Daly also proposed a motion to develop a referendum question regarding stricter regulations for short-term rentals and whether the board should ask the county for an amendment specific to Ocean Pines.
“The reason for two is both could be accepted, rejected or people could choose one over the other,” he said.
Daly said even though only a handful of the roughly 180 Ocean Pines properties advertising short-term rentals, the Abbyshire Road residence has been a nuisance to neighbors for three years.
“The problems have been large and ongoing for surrounding homes,” he said. “Currently, no restrictions or enforcement mechanism exists at the Ocean Pines or county levels to affect a rapid solution,” he said.
Daly said unlike Worcester’s municipalities, such as Ocean City, Berlin or Snow Hill, Ocean Pines is a homeowners association and has no zoning authority.
Director Dr.
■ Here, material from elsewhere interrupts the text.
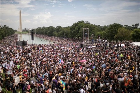 Intitulée "Enlevez votre genou de nos cous", le mot d'ordre de la manifestation faisait référence à la mort de George Floyd, un quadragénaire noir asphyxié par un policier blanc le 25 mai à Minneapolis, dont le calvaire a déclenché un mouvement de protestation inédit depuis des décennies aux États-Unis.

Colette Horn said the topic deserves further research, adding, “The text amendment would be preferable because it would provide universal coverage in Ocean Pines as to what the regulations are,” she said.
Horn said any text amendment language developed should also address sub-leased properties.
“We’re two-degrees removed from the source of anybody that we have reach to influence,” she said.
Director Larry Perrone said limiting online rentals based on time of stay would fail to address the issues raised by neighbors on Abbyshire Road.
“Even in talking to the homeowners on the property we’ve been dealing with, they were not concerned about the length of time of the rentals but with the number of people,” he said.
Timely enforcement was the larger concern cited by Perrone.
“I do agree we need to do something to try and get control of the properties that are out of control,” he said. “The issue is the number of people and vehicles, and that leads to the amount of trash and ultimately noise problems,” he said.
OPA President Doug Parks also expressed doubts about a rental ban.
“We can’t just mandate that everybody is going to be a bad renter,” he said.
Parks said the text amendment path could allow the Ocean Pines Police Department to enforce county regulations.
“It would allow an immediacy of action,” he said.
Parks, who noted that the OPA Declaration of Restrictions includes language concerning disturbances, said a board workgroup consisting of Daly, Tuttle and Camilla Rodgers has already begun investigating the rental topic.
“The county clearly defined what constitutes a bedroom and occupancy limits based on square footage,” he said.
Tuttle, who proposed the work group continue delving into matters, said parking and excessive trash are two primary issues of concern surrounding short-term rentals.
“If residents are living next door to a problem property, let us know so we can take it to the county,” he said.
Horn said any text amendments developed should not be limited to rental properties.
“I don’t think these problem behaviors are limited to rentals,” she said. “There are people who own property … and don’t always use it responsibly.”
Horn also proposed in lieu of holding a referendum, community sentiment could be determined by polling or holding a town hall meeting.
Parks said the discussion had yielded further insights for the work group to weigh, with a subsequent vote on the initial motion to consider banning short-term rentals defeated 6-0.